LBC = liquid-based cytology; CIN3+ = cervical intraepithelial neoplasia grade 3 or worse (including adenocarcinoma in situ/AIS and invasive cervical cancer).
Among the identified samples, biobank aliquots from 468/470 cases (99.6%) and 938/940 controls (99.8%) could be retrieved. The sample aliquots were first tested on the cobas 4800 system, for comparison with the original results obtained when testing the fresh samples in the organized screening program, and then on the cobas 6800 system.
The comparison between biobanked and fresh samples had a preassigned performance criterion that the concordance between the cobas 4800 testing of the fresh sample and the biobanked sample should be >95%.
Laboratory analyses
The cobas platforms are based on the real-time polymerase chain reaction (PCR) method, and both assays can detect 14 HPV types (high-risk types (hr) HPV16/18/31/33/35/39/45/51/52/56/58/59 and HPV66 and 68). Positivity for HPV16 and/or HPV18 are reported in two separate type-specific fluorescence channels, while infection with one or more of the other12 types is reported in a third fluorescence channel as a single result, “other hrHPV positive”. Staff from Roche trained the laboratory personnel responsible for this study locally.

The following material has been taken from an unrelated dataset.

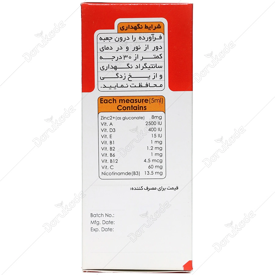 - این فرآورده حاوی مجموعه ای از ویتامین ها ، مواد معدنی ضروری و مورد نیاز بدن می باشد که به عنوان مکمل رژیمی - غذایی کاربرد دارد - روی ماده ی معدنی اختصاصی است که سبب فعال شدن بیش از 70 آنزیم می گردد. - از مزایای روی می توان به تقویت سیستم دفاعی بدن و کاهش التهاب اشاره کرد. - روی اهمیت زیادی در رشد ، تکامل و سلامتی بدن و بافت ها دارد. - ویتامین گروه B بخش مهمی از متابولیسم آمینواسیدها را تکمیل می کنند. - ویتامین های گروه B سبب بهبود رشد و سلامتی کودکان می گردند و در فرآیند رشد جزو ویتامین های ضروری هستند - ترکیبات موجود در این فرآورده همچنین سبب بهبود رشد مو و افزایش استحکام ناخن ها می شوند.

Both instruments were already available at the local hospital site.
Statistical analyses
The McNemar test with continuity correction for paired categorical data was applied to determine the p-value associated with comparison of test results between assays. In this approach, a p-value >0.05 and odds ratio (OR) with 95% confidence interval (CI) containing 1.00 signifies that there is no statistically significant observed difference in performance between the new test and the comparator test.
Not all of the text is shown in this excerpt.